## ENTRIES SUPPLIED
• • •
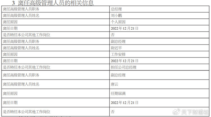 2022年末,公司总经理刘小鹏因个人原因离任,副总经理尉迟平转任公司总经理,副总经理唐云因任期届满离任。
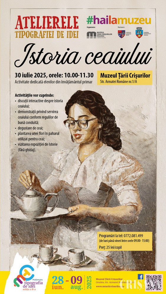 Muzeul Țării Crișurilor Oradea – Complex Muzeal organizează, cu sprijinul Consiliului Județean Bihor și al Primăriei Municipiului Oradea, în cadrul programului estival „Tipografia de idei | #hailamuzeu”, ediția a III-a, atelierul de educație muzeală „Istoria ceaiului”. Activitatea este dedicată elevilor din învățământul primar și va cuprinde: discuții interactive despre istoria ceaiului; demonstrații privind servirea ceaiului conform regulilor de bună conduită; degustare de ceai; plantarea unei flori în paharul utilizat pentru ceai; vizitarea expoziției de Istorie (fără ghidaj).
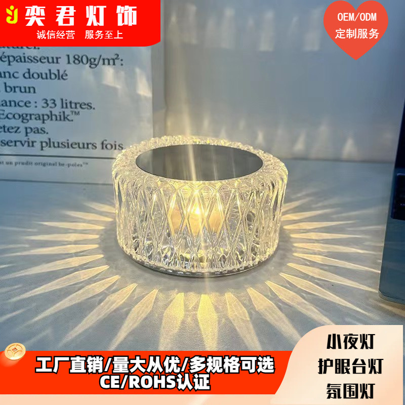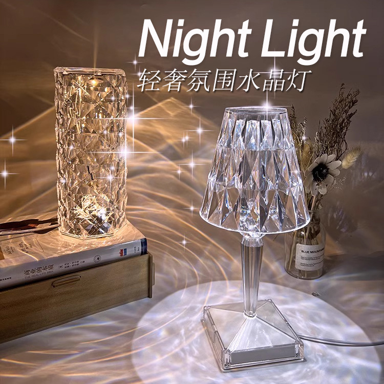 亚马逊高颜值钻石水晶台灯卧室酒吧酒店温馨小夜灯拍拍灯工厂直销
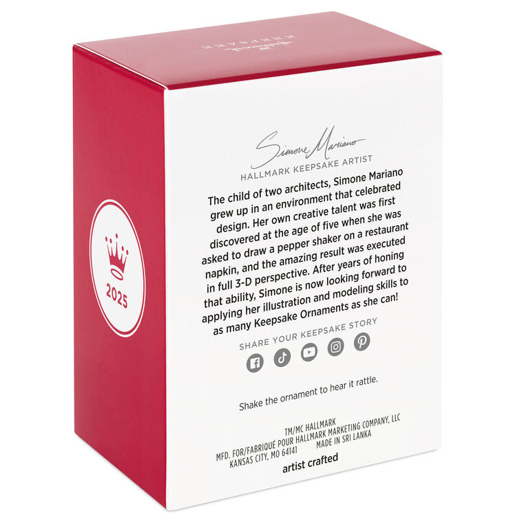 Tickle the tastebuds of family and friends when you hang this kid-approved Christmas tree ornament. The whimsical decoration features the iconic blue and yellow box of Kraft Mac & Cheese, and a white bowl filled with the popular cheesy pasta with a spoon. Shake the ornament to hear the rattle of dry pasta in the cardboard box.
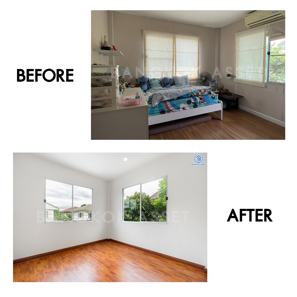 ห้องนอนทุกห้องเราเปลี่ยนประตู หน้าต่างให้ ส่วนฝ้าเพดานเราก็เปลี่ยนให้ใหม่ พร้อมติดไฟดาวน์ไลท์ให้เช่นกัน และเปลี่ยนพื้นเป็นลามิเนตให้ใหม่ทั้งหมด เพราะดูแลรักษาความสะอาดง่าย ทนต่อน้ำยาทำความสะอาดต่างๆ และทนต่อรอยขีดข่วนได้ดี
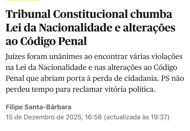 2025 年 12 月 15 日,葡萄牙宪法法院作出预防性合宪性裁决,认定新近通过的《国籍法》中的若干关键条款违反宪法。因此,该法律无法以现行文本生效,并将被送回共和国总统,由总统行使否决权并转回议会重新审议。
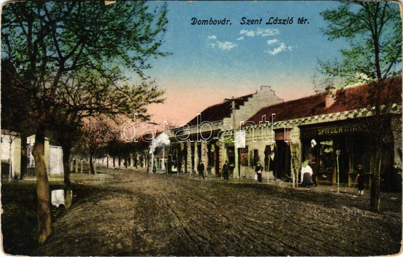 1915 Dombóvár, Szent László tér, Spitzer üzlete (kopott sarkak / worn ... https://www.darabanth.com/hu/442-Gyorsarveres/442.0/Kepeslapok/Magyarorszag~2000005/1915-Dombovar-Szent-Laszlo-ter-Spitzer-uzlete-kopott-sarkak-worn-corners~II2914545
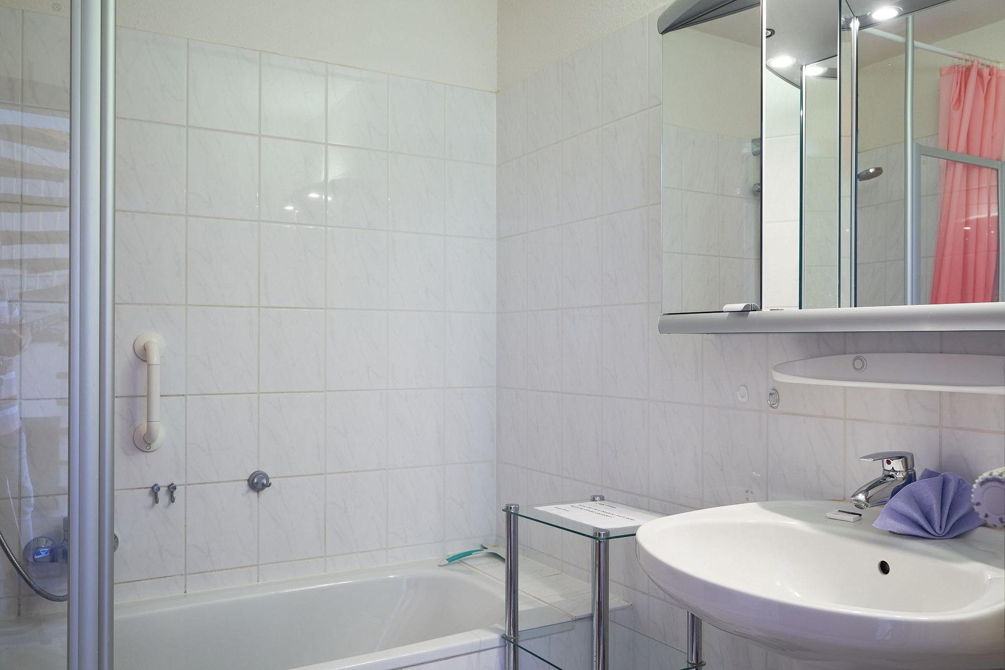 Hell gefliestes Bad mit Badewanne (mit Duschmöglichkeit), Waschbecken, WC, Haartrockner und großem Spiegelschrank.
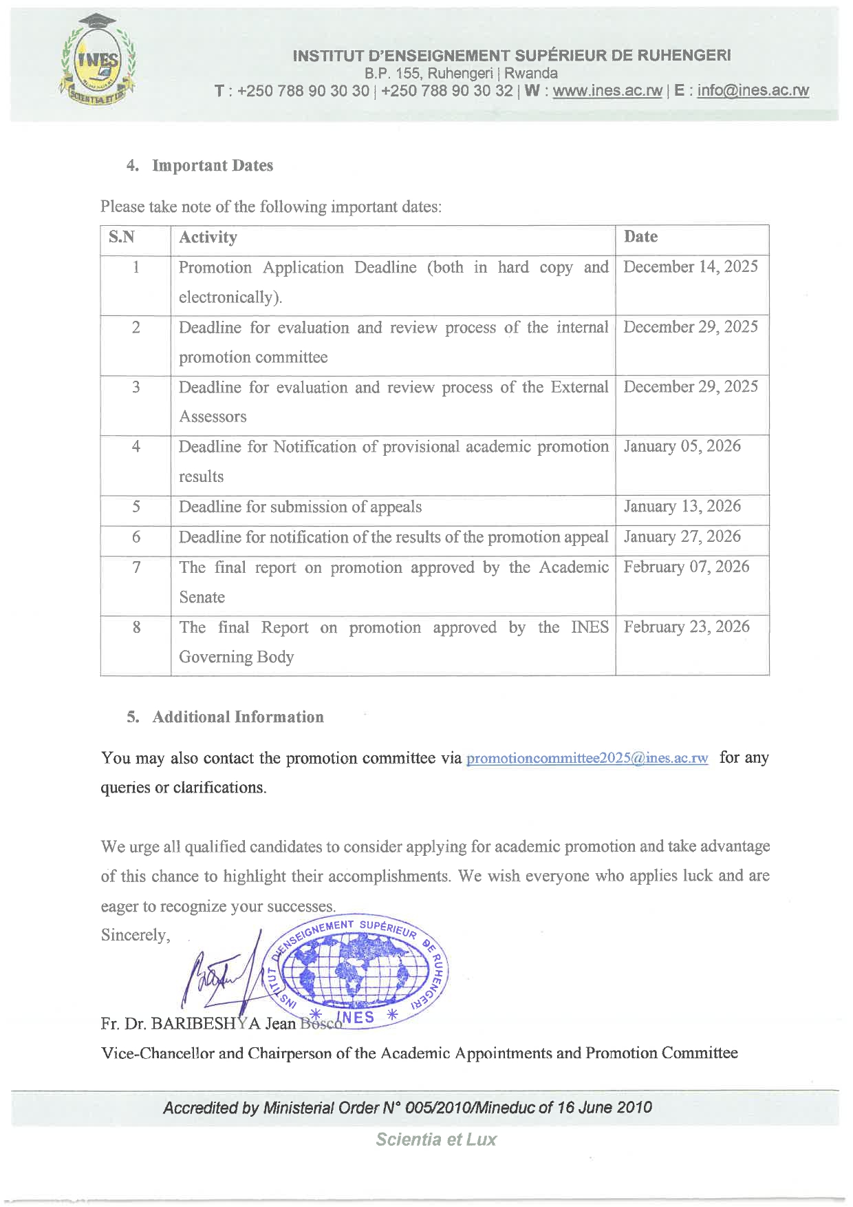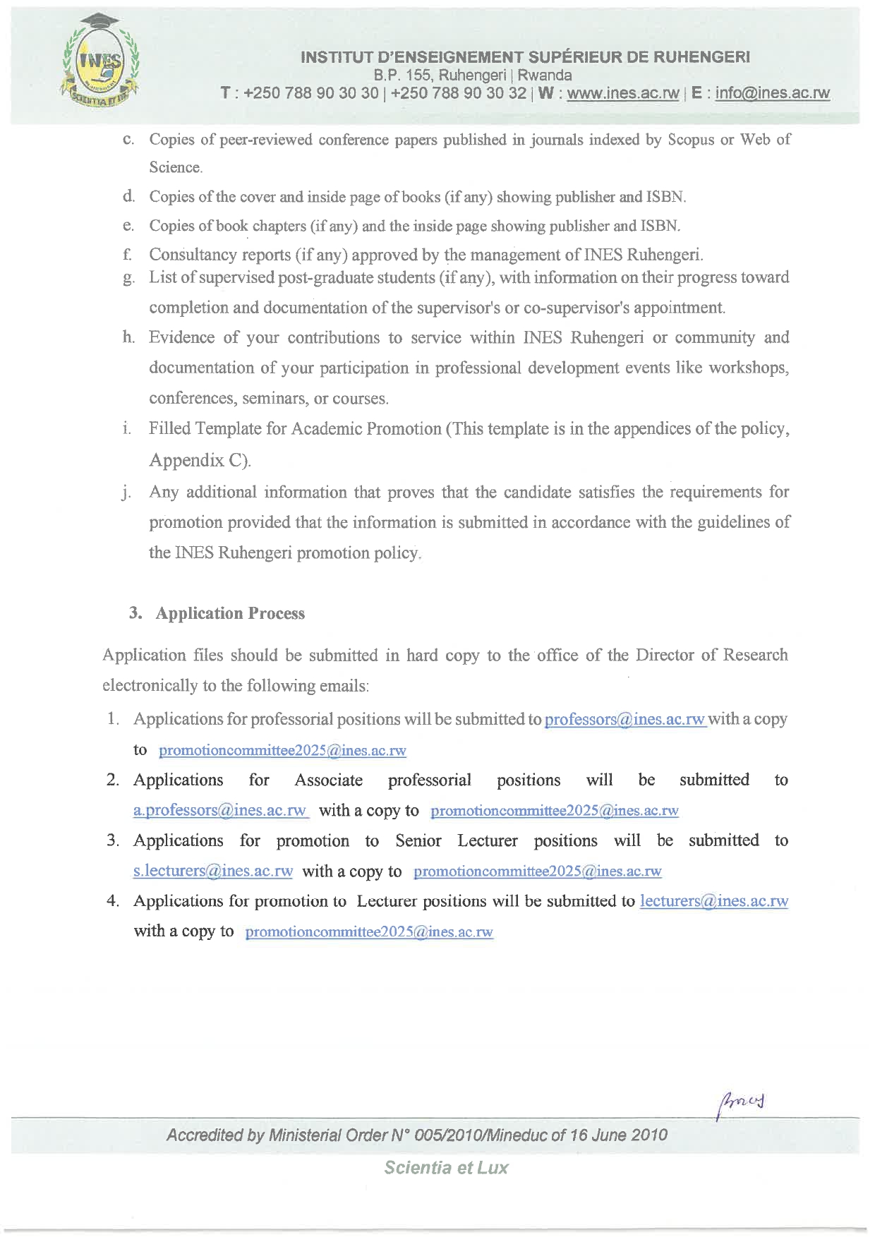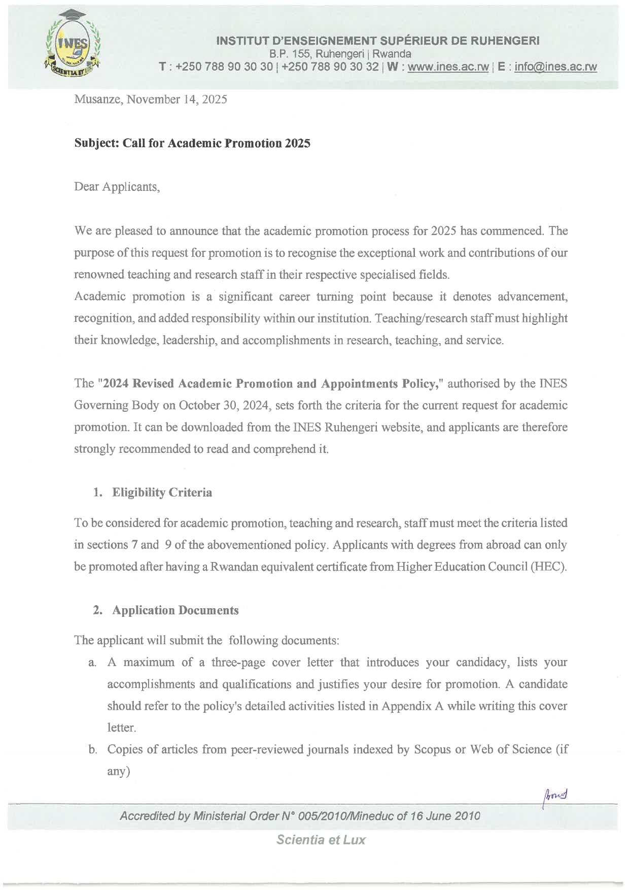 INES-Ruhengeri is excited to launch the 2025 Academic Promotion Process, recognizing the exceptional contributions of its teaching and research staff.
• • •
## THE TASK
Taking the material above, give again exactly the lines from the one holding "亚马逊高颜值钻石水晶台灯卧室酒吧酒店温馨小夜灯拍拍灯工厂直销" through the one holding "1915 Dombóvár, Szent", with both ends and without pictures.

## SOLVED EXERCISE
 亚马逊高颜值钻石水晶台灯卧室酒吧酒店温馨小夜灯拍拍灯工厂直销
 Tickle the tastebuds of family and friends when you hang this kid-approved Christmas tree ornament. The whimsical decoration features the iconic blue and yellow box of Kraft Mac & Cheese, and a white bowl filled with the popular cheesy pasta with a spoon. Shake the ornament to hear the rattle of dry pasta in the cardboard box.
 ห้องนอนทุกห้องเราเปลี่ยนประตู หน้าต่างให้ ส่วนฝ้าเพดานเราก็เปลี่ยนให้ใหม่ พร้อมติดไฟดาวน์ไลท์ให้เช่นกัน และเปลี่ยนพื้นเป็นลามิเนตให้ใหม่ทั้งหมด เพราะดูแลรักษาความสะอาดง่าย ทนต่อน้ำยาทำความสะอาดต่างๆ และทนต่อรอยขีดข่วนได้ดี
 2025 年 12 月 15 日,葡萄牙宪法法院作出预防性合宪性裁决,认定新近通过的《国籍法》中的若干关键条款违反宪法。因此,该法律无法以现行文本生效,并将被送回共和国总统,由总统行使否决权并转回议会重新审议。
 1915 Dombóvár, Szent László tér, Spitzer üzlete (kopott sarkak / worn ... https://www.darabanth.com/hu/442-Gyorsarveres/442.0/Kepeslapok/Magyarorszag~2000005/1915-Dombovar-Szent-Laszlo-ter-Spitzer-uzlete-kopott-sarkak-worn-corners~II2914545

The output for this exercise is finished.